Wednesday, July 13, 2011

Policemen and Detectives Guard the Securities Buried in the Fire Ruins,

January 10, 1912, [ ? ] "Policemen and Detectives Guard the Securities Buried in the Fire Ruins,"
Streams of Water Still Playing Upon the Smouldering Timbers of Wrecked Equitable Building.


All the Safes, Holding Paper Worth Half a Billion Dollars or More, Are Believed to Be Intact
Body of Battalion Chief Walsh Not Yet Recovered

New York, January 10, 1912 --- Half a billion dollars or more in securities lie on the glowing ruins of the Equitable Building to-day guarded by 140 policemen and detectives.

The bulk of the Gould, Harriman, Ryan and Belmont estates and the vast securities of the Equitable Life Assurance Society are locked in the massive steel vaults, buried beneath tons of debris.

With streams still playing upon the smoulderng ruins, laborers are fighting their way to the vaults to ascertain their condition.

All the vaults are believed to be intact.

A superficial examination made today indicated that the vaults of the Mercantile Safe Deposit were intact.

The ruins still hold the body of Battalion Chief William Walsh, two watchmen employed by the company are also missing and are believed to have perished in the fire, in which six lives were lost.
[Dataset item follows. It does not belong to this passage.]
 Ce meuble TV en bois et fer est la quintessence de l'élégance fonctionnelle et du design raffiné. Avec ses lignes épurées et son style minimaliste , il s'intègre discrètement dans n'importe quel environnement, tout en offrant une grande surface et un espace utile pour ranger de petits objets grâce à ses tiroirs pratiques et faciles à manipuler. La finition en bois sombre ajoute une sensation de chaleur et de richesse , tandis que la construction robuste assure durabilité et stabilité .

Because $50,000,000 to $75,000,000 in collateral of Wall street loans are locked in the vaults, the governing committee of the Stock Exchange announced today another postponement of one day in deliveries.

The records of the Harriman Railroad lines, showing the names and addresses.....
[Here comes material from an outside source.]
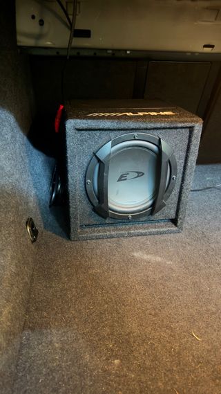 Subwoofer Alpine en acabado gris y negro. Tiene etapa de potencia incorporada - Incluye control remoto para ajustes. - Diseño compacto para fácil instalación. Incluye cableado muy poco uso lo vendo por que necesito espacio en el maletero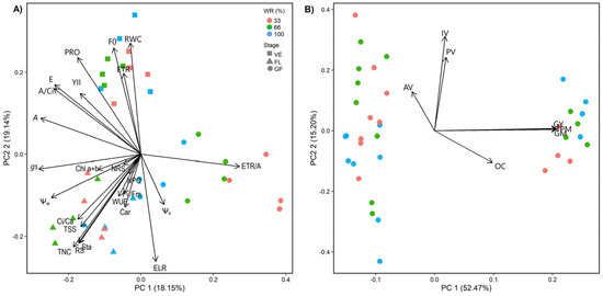 Biplot variation for physiological parameters (A) and productivity (B) in Raphanus sativus plants exposed to three water levels: 100% (control), 66%, and 33% of field capacity (FC). The bars represent mean values ± SE (n = 4 in (A); n = 12 in (B)). Pre-dawn leaf water potential (Ψw), leaf osmotic potential (Ψs), relative water content (RWC), photosynthetic net assimilation rate (A), stomatal conductance (gs), transpiration rate €, the ratio between internal and external CO2 concentration (Ci/Ca), instantaneous carboxylation efficiency (A/Ci), water use efficiency (WUE), minimum fluorescence (F0), the potential quantum yield of PSII (Fv/Fm), the effective quantum yield of PSII (YII), non-photochemical quenching (NPQ), apparent electron transport rate (ETR), the ratio between ETR and photosynthetic assimilation rate (ETR/A), electrolyte leakage rate (ELR), carotenoids (Car), total chlorophyll (Chla+b), proline content (Pro), total soluble sugars (TSS), reducing sugars (RS), non-reducing sugars (NRS), starch (Sta), total non-structural carbohydrates (TNC), total pod matter (TPM), bark matter (BM), grain matter of 100 pods (GM), grain yield (GY), grain oil content (OC), acid value (AV), peroxide value (PV) and iodine value (IV).

A white, hot furnace still glowed fiercely in the cellars of the ruined Equitable Building at daybreak to-day, resisting all the efforts of the firemen to drown out the flames. Chief Kenton doubted whether the fire would be completely extinguished before night.
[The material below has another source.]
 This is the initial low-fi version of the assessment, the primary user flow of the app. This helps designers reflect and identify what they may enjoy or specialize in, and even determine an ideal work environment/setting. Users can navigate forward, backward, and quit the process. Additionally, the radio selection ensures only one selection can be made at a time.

The blaze is now confined, however, to the heaped up ruins in the cellars, for above the first story nothing is left save the granite walls, bearded with great encrustrations of gleaming ice.

Pilasters and ornaments bear coatings of ice, which in some places is two feet thick, while the surface of Broadway and the other streets surrounding the ruins are sheathed with ice to a depth of from one to two feet.

All night long, under the glare of three powerful search lights from the Singer Tower, ice-covered firemen poured in streams from twenty nozzles.

Until the flames are completely extinguished little effort can be made to reach the vaults where securities and papers valued at $1,500,000,000 are stored.

Rigid Police Line Maintained

A rigid police line is maintained on all sides of the burned building and the cordon covers so wide an area that the thousands of sightseers, who flocked to the scene are unable to obtain more than a glimpse of the structure.

In addition to the established lid maintained by the police, 100 policemen and 40 detectives are assigned to the task of preventing the theft of any money or securities still in the building.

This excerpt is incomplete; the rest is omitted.